Progress: First Collage Painting

I have been working hard in the studio on my first painting of one of my collages this week and have really progressed with it. I have taken my time and built up layers of paint in glazes to create a painted representation of the original collaged work. The painting combines imagery of natural beauty with imagery of environmental harm, attracting the viewer to the beauty of the land and exposing them to the harm it experiences.

I am confident that my research and glazing and underpainting experimentation has paid off and as a result my painting skill has really improved. I have also learnt to observe more closely and paint what I see rather than what I think I see and to be patient in my approach. The factory smoke, tree stump and pipe water still need a bit of work and I am looking forward to seeing this finished and to progress on to the next one. I am very excited by the prospect of showing a series of these, I feel as if I am working towards my best work to date and I will be very proud of my degree show.

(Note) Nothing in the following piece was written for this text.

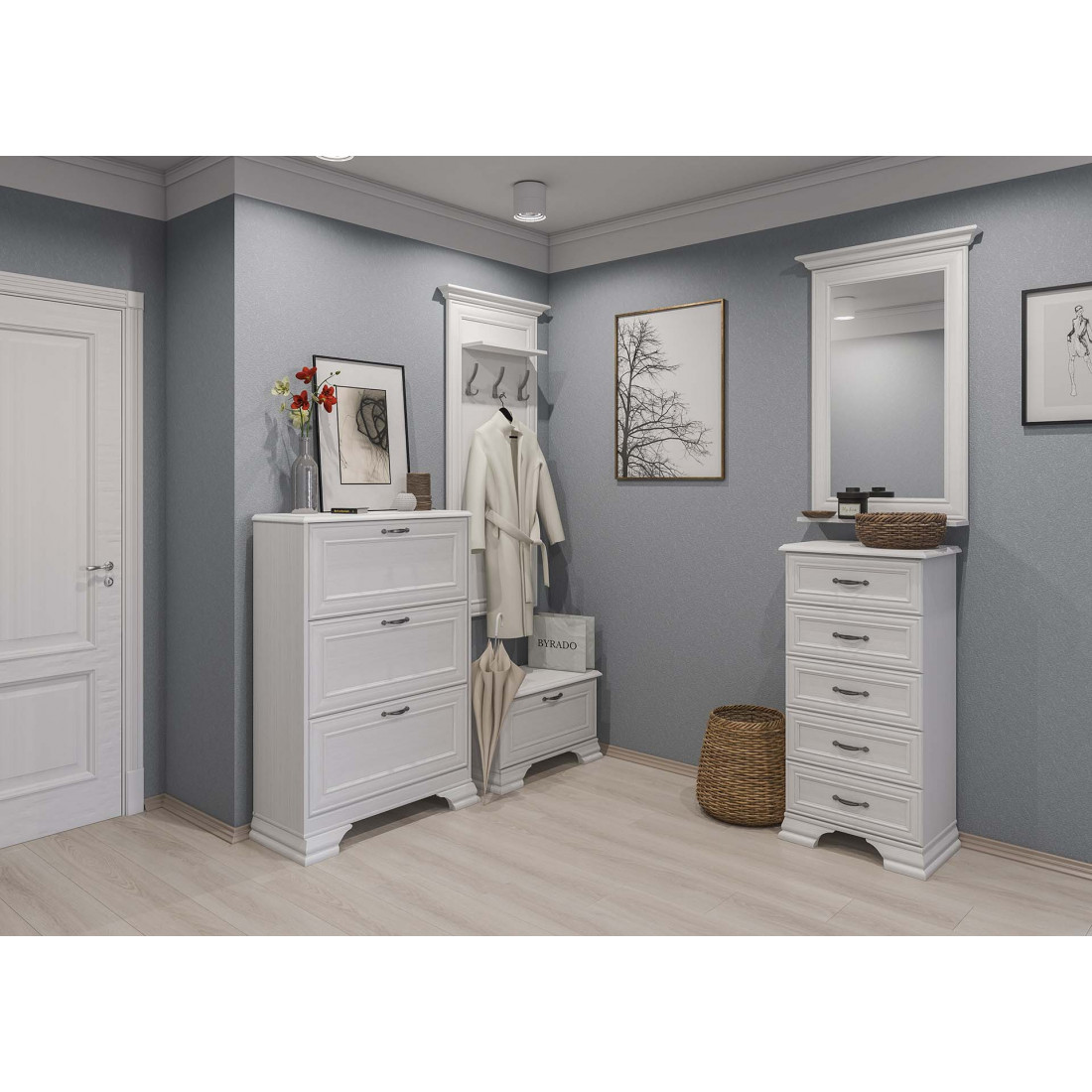 Мебель для прихожей Юнона от фабрики Мебель-Неман композиция 1 - новинка 2019 года в классическом стиле с отделкой структурной фактуры, обрамленная рамочным фасадом, где металлические ручки выгодно подчёркивают стиль и изящество, всегда актуальна и востребована.

Progress: Painting from Collages

I am making progress on my first painting from one of my collages, I am working out the technique of glazing and layering up paint as I go along, I think it is going well and if I paint them all to a high standard, I am confident I will have a successful exhibition.

I have included an image of my paint palette as I cannot believe how many colours I am mixing to paint such small areas of work. The palette was clean when I started, each layer of paint is a different shade and the cliff area for example has about 9 layers of thin glazes on it, it is exciting to watch the image unfold if not a little bit stressful at the beginning when i’m not sure if the layers are coming together.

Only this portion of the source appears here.